Ghetto in Rechytsa
Rechytsa is the center of the district of the same name and one of the oldest settlements in Belarus. According to 1939 data, 7.2 thousand Jews lived here, who made up 24% of the local population. The city was occupied in August 1941. There are reports that local authorities persuaded Jews to evacuate. Those who decided to leave chose the wrong direction and found themselves in the occupied settlements of Belarus.
The city was occupied in August 1941. Rechytsa became part of the Zhytomyr District of the Reichskommissariat Ukraine. A week and a half after the capture of the city, the Nazis conducted a census of the Jewish population. A prohibition was introduced on the appearance of Jews in public places. When going outside, they had to wear insignia.
Even before the ghetto was created in the city, several cases of the extermination of Jews were known. Therefore, in September 1941, Einsatzkommando 7b destroyed about 200 people. They were rebuilding a bridge over the Dnieper River two kilometers from the city.
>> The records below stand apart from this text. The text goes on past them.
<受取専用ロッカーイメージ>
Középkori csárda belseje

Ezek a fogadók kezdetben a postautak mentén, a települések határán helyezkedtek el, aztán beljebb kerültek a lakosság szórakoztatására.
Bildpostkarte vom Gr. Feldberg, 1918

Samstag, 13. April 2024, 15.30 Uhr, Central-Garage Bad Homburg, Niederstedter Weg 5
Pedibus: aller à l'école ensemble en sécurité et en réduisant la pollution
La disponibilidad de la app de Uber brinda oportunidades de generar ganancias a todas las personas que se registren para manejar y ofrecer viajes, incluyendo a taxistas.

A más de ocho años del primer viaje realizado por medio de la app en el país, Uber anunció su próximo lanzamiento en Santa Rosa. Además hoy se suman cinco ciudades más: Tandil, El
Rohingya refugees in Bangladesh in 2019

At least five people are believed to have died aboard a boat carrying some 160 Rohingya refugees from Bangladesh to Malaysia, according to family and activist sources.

In October 1941, a representative of the occupation authorities, Obergefreiter Heinz Fischer, killed nine people who came across him on the road.
In mid-November 1941, the Nazis created a ghetto. Everyone who was registered as a Jew by the invaders was driven in two buildings at the corner of Sovetskaya and Frunze Streets. The ghetto created on the territory of the former prison was of a closed type. It was surrounded by barbed wire. You could go outside through one entrance, near which there was a police booth.
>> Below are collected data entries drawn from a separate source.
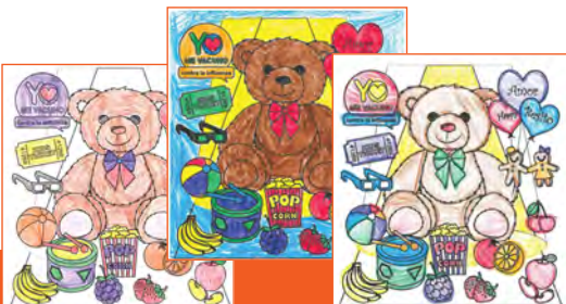
Participaciones ganadoras del concurso infantil de dibujo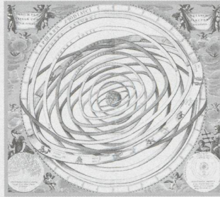
Le transit de Vénus et la quête de la parallaxe solaire - 22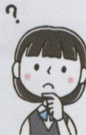
障がいのある方の雇用を検討している企業のCさん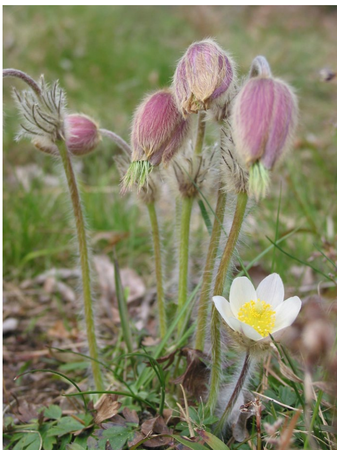
I Valsjöheden växer den sällsynta mosippan.

Valsjöheden är sedan mitten av 1950-talet en skyddad växtplats för den sällsynta mosippan, som bara finns på ett tjugotal platser i länet. Reservatet är en del av en flack grusås, som mest består av sand. På åsen växer en nittioårig tallskog.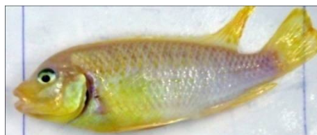
تغذیه شده با سارگاسوم (۵g/kg)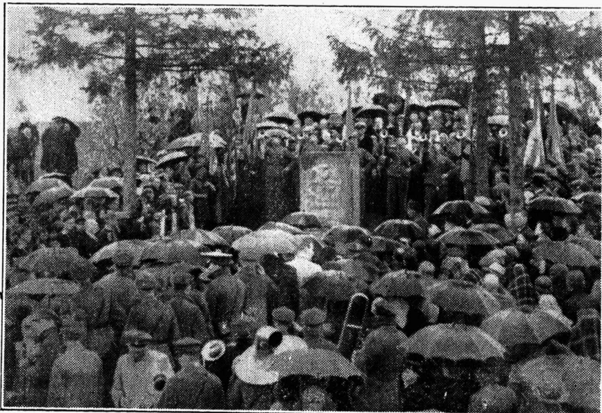
A. Õunapuu mälestussamba avamistalitusest osavõtjaid

The concentration of the population in the ghetto was high. According to eyewitnesses, there were up to 40 people in the room. The prisoners could only stand in the rooms. During the day, the invaders took some of the prisoners to work. Then the ghetto became freer.
About a dozen cases of abuse of ghetto prisoners have been documented. Instead of horses, they were harnessed to carts with loads and lowered into wells.
The Nazis began the extermination of the ghetto prisoners on November 25, 1941. Seven cars drove up to the ghetto. Each accommodated more than 40 people. The prisoners were told that they were going to harvest vegetables at a neighboring collective farm.
Three places of extermination of Jews have been established:
• An anti-tank ditch in the area of the tuberculosis sanatorium, where the Nazis destroyed the prisoners of the ghetto. About 3 thousand people died here.
• A forest near the village of Ozershchina, where the invaders in November 1941 shot about 80 people who were caught in Rechytsa and the surrounding villages.
• Anti-tank ditches in the area of the village of Bronnoye, where the invaders shot about 2 Jews in December 1941.
In total, according to official data, about 3.5 thousand Jews perished in the Rechytsa area. In 1946, a memorial to the victims was erected at the Jewish cemetery, funded by the local community.